Denfeld News

May 20, 2014
Duluth News Tribune

Spanish 5 reinstated at Duluth Denfeld; equity concerns remain
By Jana Hollingsworth  May 20, 2014

The news that Duluth Denfeld High School will continue to offer a Spanish 5 course next year was met with applause at Tuesday’s School Board meeting, but the larger issue of equity remained a concern for many.

Superintendent Bill Gronseth began the meeting by announcing that the class would be offered next year at the school, in part because of additional federal low-income funding Denfeld receives that East High School does not. The money each year helps to lower class sizes along with paying for other supportive measures. He noted staffing decisions aren’t yet final.

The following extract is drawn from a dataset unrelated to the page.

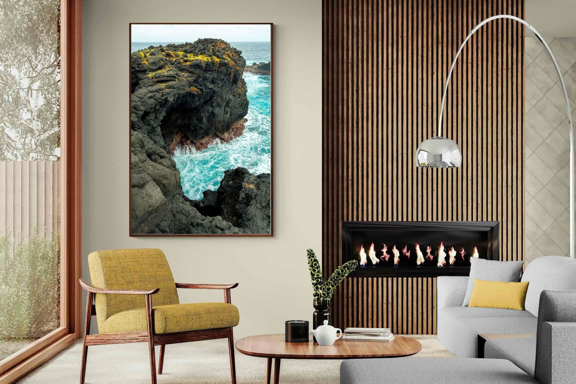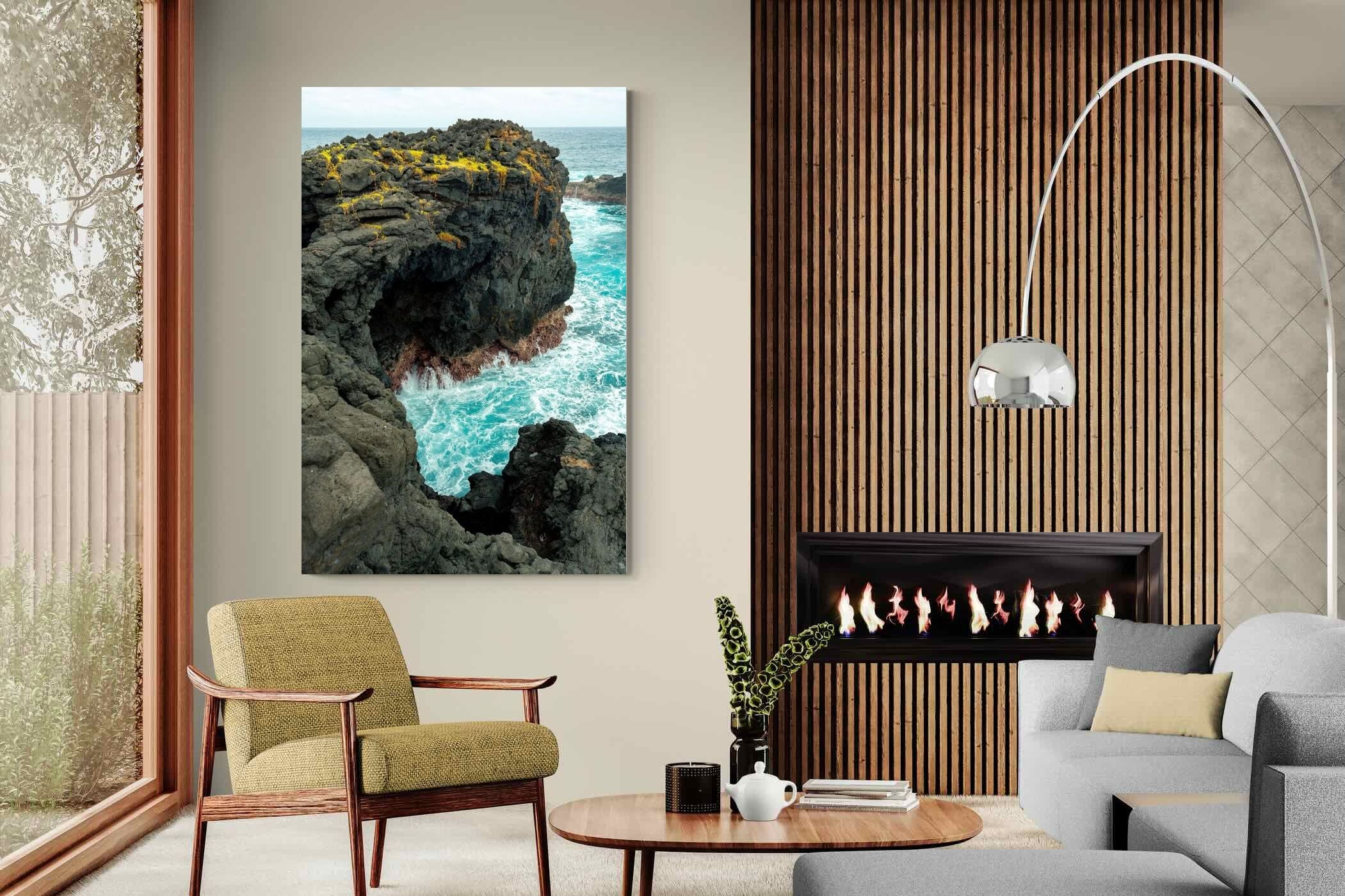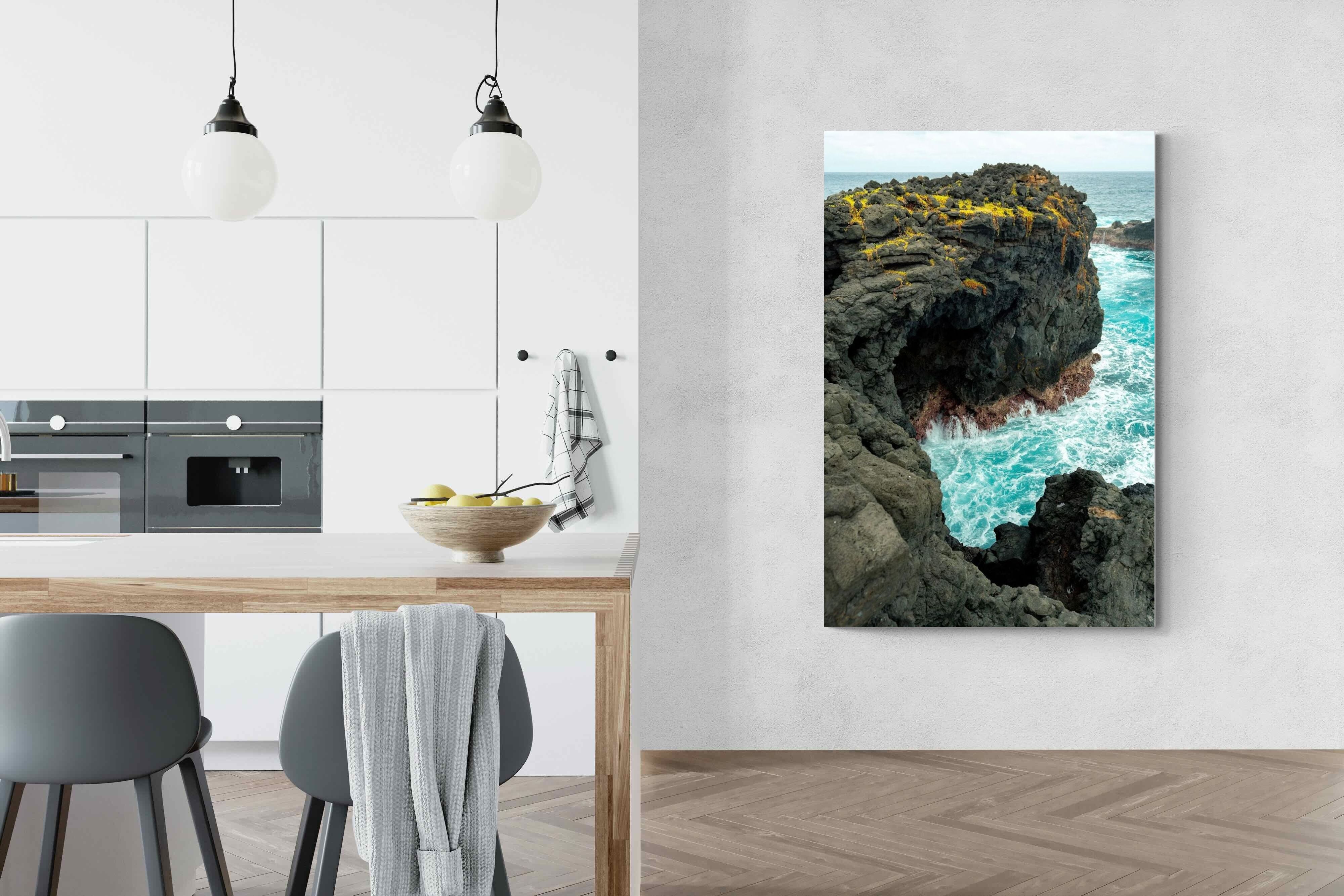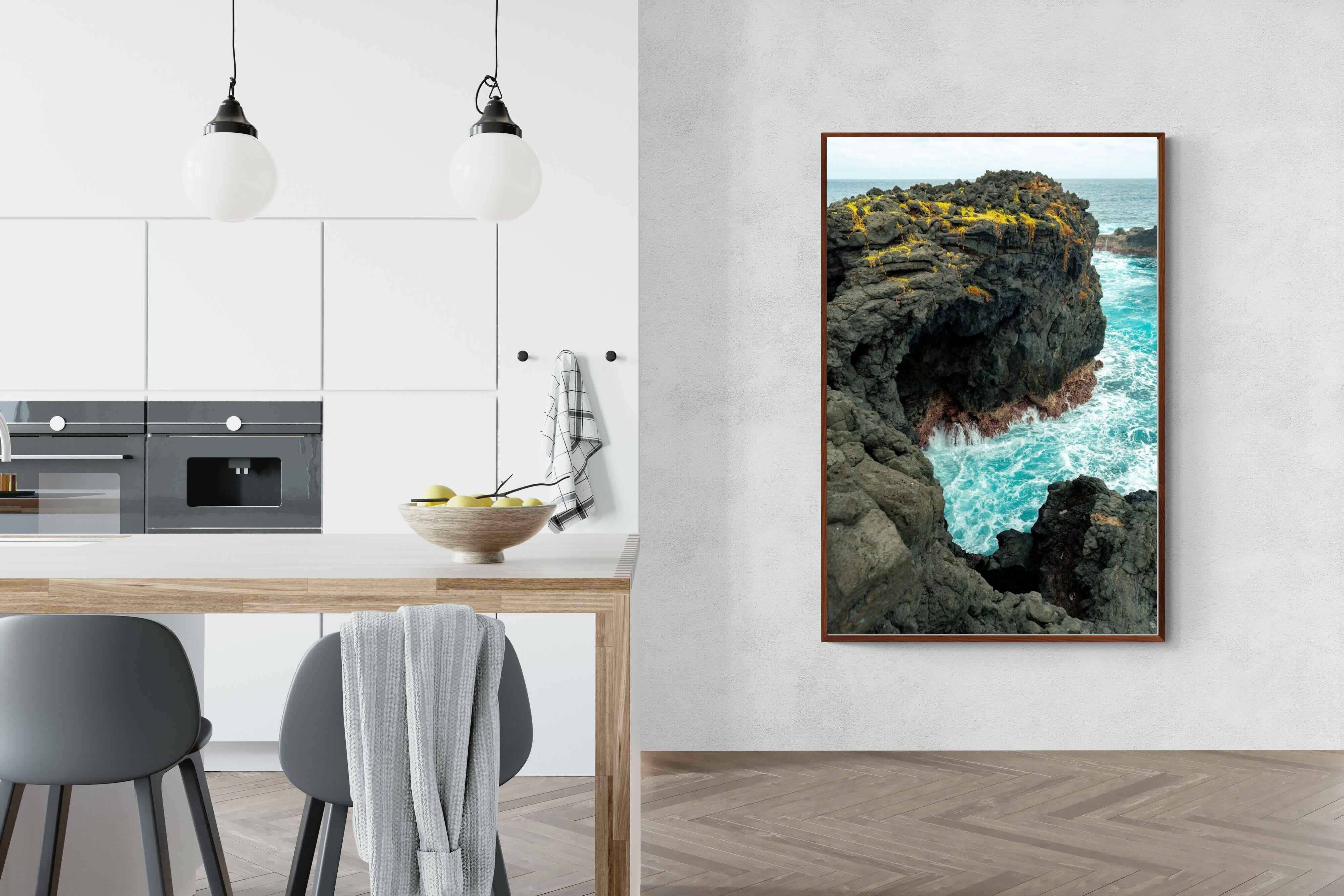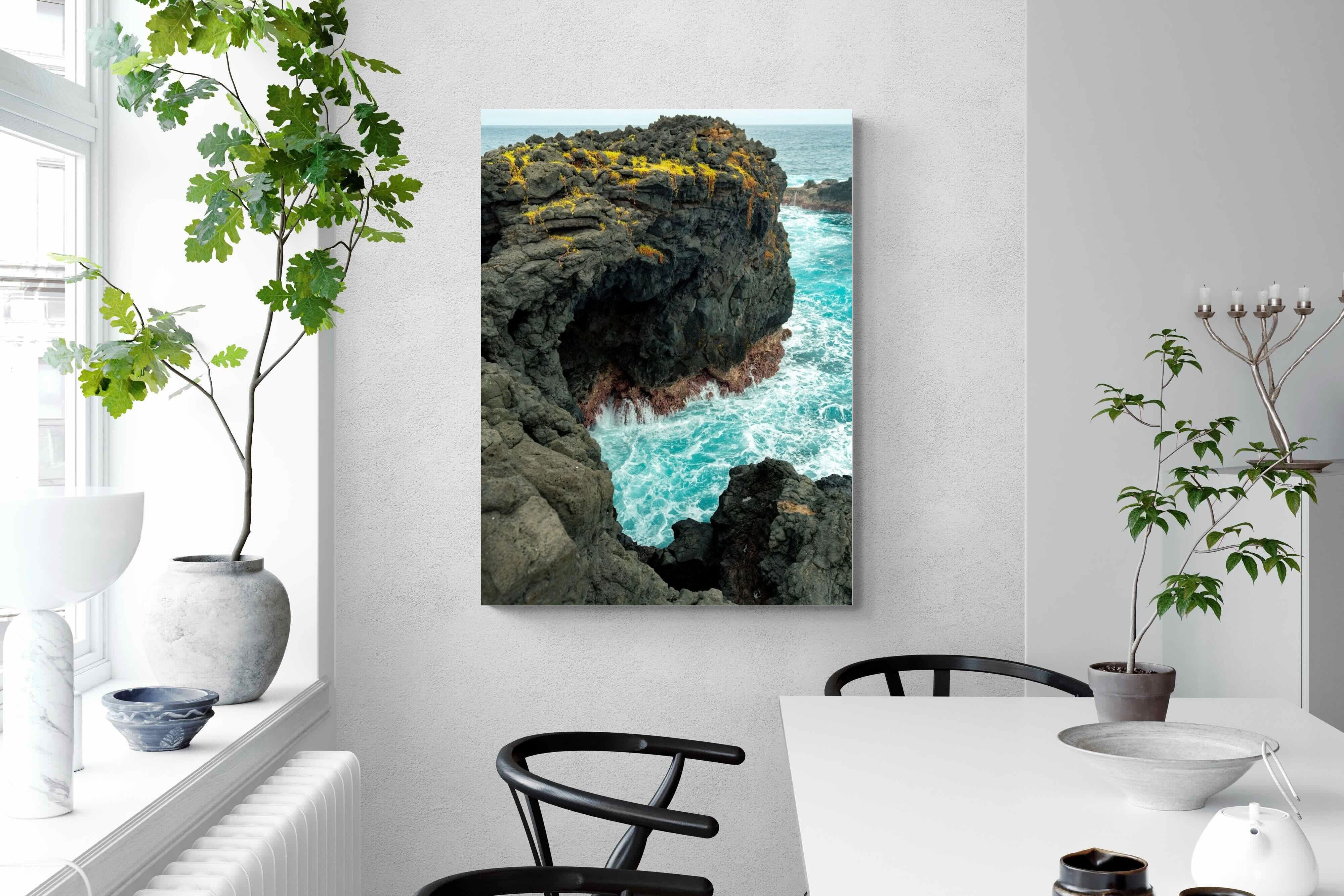 Powerful turquoise waves crash against rugged volcanic cliffs along the wild coastline of São Tomé and Príncipe. Dark rock formations rise sharply above the Atlantic while bright coastal vegetation clings to the stone, adding vivid contrast to the scene. The photograph captures the raw beauty and geological drama of this remote island landscape. A striking wall art piece that brings natural energy and adventurous coastal character to contemporary interiors.

While parents and students were pleased about the Spanish course, some said the enrollment difference between the two high schools and the boundary changes made during the Red Plan have resulted in fewer options for students at Denfeld. Not only does East enroll more students, said Denfeld parent Andrew Slade, but there is a perception it’s a better school with better options.

“If you are a professional family moving to Duluth — that we all want so many more of — and you hear about Duluth’s two high schools, where are you going to choose to live? You move east,” he said. “I hear it time and time again.”

Not maintaining an equal course catalog, he said, sends the wrong message to students and gives fewer opportunities to those who live outside the East boundary.

Denfeld junior and Central Hillside resident Lucy Billings said her life has been affected by the Red Plan since she was a child. She was bused an hour to Morgan Park Middle School when she lived five minutes from Woodland Middle School, she said, but she was OK with it because the opportunities were the same. Not so in high school, she said, noting two classes she picked for next year won’t be offered at Denfeld, but will be at East.

“My address should not determine the quality of my education,” she said, suggesting temporary options to save courses if the redrawing of boundaries is too complex. “I have faith that the appropriate decisions will be made to put this right.”

Both schools use the same course catalog, but each year some courses aren’t offered because of lack of interest, scheduling conflicts or a lack of money. Gronseth said next year, East is slated for more course reductions than Denfeld.

Numbers from October show that Denfeld enrolls 989 students while East enrolls 1,550. Denfeld senior Hans Slade suggested that Denfeld’s ratio of students signed up for German 5, a class slated for elimination, compared to the number of students enrolled at the school, for example, shows that there is more interest in that course compared to the same for East, which will offer the class next year.

“This isn’t an issue that will only come up this year,” he said. “This gap continues to widen.”

Denfeld parent and district teacher Linda Puglisi noted the course reductions being made at both high schools, and asked the board to keep the promises it made through the district’s new continuous improvement plan related to students receiving a high-quality education.

Member Harry Welty said the board should consider some of the mentioned solutions, such as using Skype, or transporting students between schools more often for classes on either campus.

“I think everyone here strongly agrees with students about the importance of equity,” he said.

For the first time in years, the district also is investing in middle school music education with the reinstatement of lessons, and because of the passage of the November operating levies, nearly $1.5 million will be invested in lowering class sizes by allowing the district to hire more teachers.